1. d. The only absolute contraindication to cardiac catheterization is a patient’s refusal to undergo the procedure. Acute renal failure, decompensated congestive heart failure, and severe hypokalemia are all relative contraindications. The risks and potential benefits for cardiac catheterization should be assessed prior to pursuing the procedure in these circumstances. Additional scenarios that pose an increased risk of cardiac catheterization include active bleeding, acute stroke, malignant hypertension, untreated active infection, digitalis toxicity, aortic valve endocarditis, severe anemia or coagulopathy, and reduced life expectancy.

2. b. Metformin should be held the day prior to the procedure and restarted 2 days after the procedure if renal function remains unchanged. Metformin is eliminated primarily via the kidneys and therefore accumulates among patients with renal insufficiency (glomerular filtration rate <70 mL/min, or serum creatinine >1.6 mg/dL). Contrast media can impair renal function and lead to further retention of metformin, which is known to precipitate the onset of lactic acidosis. The incidence of lactic acidosis associated with metformin, regardless of exposure to contrast media, is 0.03 cases per 1,000 patients per year, and 50% result in death. There is no conclusive evidence to indicate that contrast media precipitates the development of metformin-induced lactic acidosis among patients with normal serum creatinine (<1.5 mg/dL). This complication is almost exclusively observed among non-insulin dependent diabetic patients with abnormal renal function before injection of contrast media.

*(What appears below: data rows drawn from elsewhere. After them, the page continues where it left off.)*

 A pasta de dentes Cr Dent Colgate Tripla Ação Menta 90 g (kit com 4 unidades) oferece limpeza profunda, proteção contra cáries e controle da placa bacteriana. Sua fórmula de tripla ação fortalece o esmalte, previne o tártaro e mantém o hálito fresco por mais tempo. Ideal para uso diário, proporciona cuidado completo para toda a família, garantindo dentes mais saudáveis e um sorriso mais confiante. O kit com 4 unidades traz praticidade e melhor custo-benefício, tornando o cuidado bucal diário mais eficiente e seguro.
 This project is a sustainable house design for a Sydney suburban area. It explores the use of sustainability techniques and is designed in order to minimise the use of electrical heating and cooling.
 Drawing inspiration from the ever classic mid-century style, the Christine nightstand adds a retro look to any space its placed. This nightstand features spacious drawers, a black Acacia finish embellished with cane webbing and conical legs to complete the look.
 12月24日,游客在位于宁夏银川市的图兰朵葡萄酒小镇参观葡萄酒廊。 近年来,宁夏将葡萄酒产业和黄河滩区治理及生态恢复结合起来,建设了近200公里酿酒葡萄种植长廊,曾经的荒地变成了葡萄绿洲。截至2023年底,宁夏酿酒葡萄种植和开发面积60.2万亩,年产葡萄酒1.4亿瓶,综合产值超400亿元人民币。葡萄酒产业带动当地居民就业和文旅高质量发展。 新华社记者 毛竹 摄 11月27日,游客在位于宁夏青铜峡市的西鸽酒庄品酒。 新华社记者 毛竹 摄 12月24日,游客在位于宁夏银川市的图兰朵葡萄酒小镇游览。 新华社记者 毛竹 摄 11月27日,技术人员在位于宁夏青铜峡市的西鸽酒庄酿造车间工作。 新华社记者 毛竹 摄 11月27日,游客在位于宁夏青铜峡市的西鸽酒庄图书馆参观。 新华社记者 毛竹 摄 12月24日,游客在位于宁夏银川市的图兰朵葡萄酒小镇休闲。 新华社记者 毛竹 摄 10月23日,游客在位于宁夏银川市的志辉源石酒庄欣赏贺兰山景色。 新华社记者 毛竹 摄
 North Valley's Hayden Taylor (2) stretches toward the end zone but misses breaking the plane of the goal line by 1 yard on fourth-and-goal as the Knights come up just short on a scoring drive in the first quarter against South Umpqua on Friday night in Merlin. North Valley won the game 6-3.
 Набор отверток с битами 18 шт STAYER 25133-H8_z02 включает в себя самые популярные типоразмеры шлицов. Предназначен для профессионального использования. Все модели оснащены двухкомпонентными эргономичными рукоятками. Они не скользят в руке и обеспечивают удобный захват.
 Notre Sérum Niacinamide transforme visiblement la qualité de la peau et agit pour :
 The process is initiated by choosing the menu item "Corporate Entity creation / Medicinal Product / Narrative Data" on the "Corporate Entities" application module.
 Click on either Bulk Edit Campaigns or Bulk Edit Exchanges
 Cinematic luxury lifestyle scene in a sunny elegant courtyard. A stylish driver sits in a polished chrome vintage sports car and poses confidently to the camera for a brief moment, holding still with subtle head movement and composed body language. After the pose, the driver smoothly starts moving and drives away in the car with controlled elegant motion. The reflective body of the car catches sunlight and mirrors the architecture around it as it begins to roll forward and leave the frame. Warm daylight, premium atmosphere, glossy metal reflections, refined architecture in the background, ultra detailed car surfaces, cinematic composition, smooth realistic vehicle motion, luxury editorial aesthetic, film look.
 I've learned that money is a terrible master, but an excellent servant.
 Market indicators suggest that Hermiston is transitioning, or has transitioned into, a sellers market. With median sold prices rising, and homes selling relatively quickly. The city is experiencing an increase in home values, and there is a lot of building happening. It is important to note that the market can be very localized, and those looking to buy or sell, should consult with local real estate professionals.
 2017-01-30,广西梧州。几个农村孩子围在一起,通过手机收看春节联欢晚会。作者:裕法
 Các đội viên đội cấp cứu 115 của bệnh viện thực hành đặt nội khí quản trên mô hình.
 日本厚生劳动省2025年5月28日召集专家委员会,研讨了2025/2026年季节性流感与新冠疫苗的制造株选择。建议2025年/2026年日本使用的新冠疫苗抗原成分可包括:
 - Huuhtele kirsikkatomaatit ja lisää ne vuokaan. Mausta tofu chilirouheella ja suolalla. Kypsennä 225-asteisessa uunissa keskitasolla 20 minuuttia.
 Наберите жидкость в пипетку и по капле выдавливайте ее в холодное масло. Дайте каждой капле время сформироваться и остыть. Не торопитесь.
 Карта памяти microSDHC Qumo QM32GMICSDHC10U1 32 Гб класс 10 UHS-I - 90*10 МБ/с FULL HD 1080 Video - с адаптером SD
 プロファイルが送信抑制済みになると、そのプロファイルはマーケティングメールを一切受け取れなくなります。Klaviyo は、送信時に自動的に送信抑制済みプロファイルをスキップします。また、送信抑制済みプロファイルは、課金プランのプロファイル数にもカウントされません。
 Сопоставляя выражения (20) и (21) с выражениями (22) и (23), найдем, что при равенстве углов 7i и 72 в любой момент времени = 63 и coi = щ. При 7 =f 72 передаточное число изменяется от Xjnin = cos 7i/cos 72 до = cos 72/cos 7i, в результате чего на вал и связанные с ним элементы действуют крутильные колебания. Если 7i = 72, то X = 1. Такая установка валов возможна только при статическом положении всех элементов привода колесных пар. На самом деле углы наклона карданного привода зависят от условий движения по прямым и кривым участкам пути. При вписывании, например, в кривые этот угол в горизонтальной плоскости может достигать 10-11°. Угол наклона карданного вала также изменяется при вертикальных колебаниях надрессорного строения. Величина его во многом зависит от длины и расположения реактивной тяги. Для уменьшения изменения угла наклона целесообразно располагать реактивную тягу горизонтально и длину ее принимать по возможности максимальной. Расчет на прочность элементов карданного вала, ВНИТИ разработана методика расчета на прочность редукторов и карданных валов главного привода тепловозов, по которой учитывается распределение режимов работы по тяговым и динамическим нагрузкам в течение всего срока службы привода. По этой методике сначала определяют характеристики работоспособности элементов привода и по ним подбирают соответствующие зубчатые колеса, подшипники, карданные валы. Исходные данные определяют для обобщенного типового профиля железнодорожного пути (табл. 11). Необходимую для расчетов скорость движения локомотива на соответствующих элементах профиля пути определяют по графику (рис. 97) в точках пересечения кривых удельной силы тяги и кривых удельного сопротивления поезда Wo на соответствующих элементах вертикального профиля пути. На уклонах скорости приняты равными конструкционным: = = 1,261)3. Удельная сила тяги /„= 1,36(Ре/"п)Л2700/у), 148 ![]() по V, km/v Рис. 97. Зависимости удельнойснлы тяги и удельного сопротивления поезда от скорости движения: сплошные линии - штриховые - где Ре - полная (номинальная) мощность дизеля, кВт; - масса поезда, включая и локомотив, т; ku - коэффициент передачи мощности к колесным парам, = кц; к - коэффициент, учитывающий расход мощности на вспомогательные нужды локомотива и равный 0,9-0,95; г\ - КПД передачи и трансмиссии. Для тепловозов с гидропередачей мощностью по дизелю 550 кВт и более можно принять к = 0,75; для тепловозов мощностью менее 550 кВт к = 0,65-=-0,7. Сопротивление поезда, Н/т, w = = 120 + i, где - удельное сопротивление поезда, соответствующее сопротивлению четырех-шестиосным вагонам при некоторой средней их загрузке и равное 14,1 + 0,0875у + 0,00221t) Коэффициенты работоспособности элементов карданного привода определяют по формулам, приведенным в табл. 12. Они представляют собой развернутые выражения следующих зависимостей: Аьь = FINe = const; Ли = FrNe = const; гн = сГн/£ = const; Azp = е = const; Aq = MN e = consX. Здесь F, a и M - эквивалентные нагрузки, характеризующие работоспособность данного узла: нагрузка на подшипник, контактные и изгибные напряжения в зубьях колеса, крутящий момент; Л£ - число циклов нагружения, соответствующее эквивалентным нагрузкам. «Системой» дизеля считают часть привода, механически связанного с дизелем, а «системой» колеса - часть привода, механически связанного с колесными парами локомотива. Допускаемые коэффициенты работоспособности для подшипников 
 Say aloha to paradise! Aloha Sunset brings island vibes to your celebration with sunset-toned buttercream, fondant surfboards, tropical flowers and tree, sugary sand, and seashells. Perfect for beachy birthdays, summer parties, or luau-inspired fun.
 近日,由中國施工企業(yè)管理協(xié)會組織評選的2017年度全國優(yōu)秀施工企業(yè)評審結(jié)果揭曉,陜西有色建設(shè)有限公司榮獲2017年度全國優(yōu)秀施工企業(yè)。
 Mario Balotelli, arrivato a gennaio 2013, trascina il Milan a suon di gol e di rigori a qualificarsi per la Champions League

In patients who are candidates for percutaneous coronary intervention after diagnostic angiography, aspirin 325 mg should be administered on the day of the procedure. The use of clopidogrel (600 mg loading dose) prior to catheterization may be indicated in patients who are likely to undergo percutaneous coronary intervention. This must be weighed against the possibility that they will require coronary artery bypass graft surgery, which often must be postponed for several days after administration of clopidogrel. Warfarin should be stopped several days before the procedure. Ideally, the international normalized ratio should be less than 1.5 to 1.8 prior to catheterization, depending on operator comfort and acuity of the indication. Heparin (3,000 to 5,000 units IV) should be considered for patients undergoing cardiac catheterization via an arm approach. It is also reasonable to pursue cardiac catheterization in patients on unfractionated heparin; however, great care must be taken to achieve an anterior artery wall arteriotomy in order to minimize the risk of bleeding.

3. False. Renal dysfunction can result from administration of contrast agents, which is reported to occur in approximately 5% patients, or from renal athero-embolic disease, which is significantly less common. Renal atheroembolic disease complicates approximately 0.15% of cardiac catheterizations and should be suspected when acute renal failure occurs in conjunction with other clinical signs of embolization such as discolored toes, livedo reticularis, systemic or urinary eosinophilia, and abdominal pain.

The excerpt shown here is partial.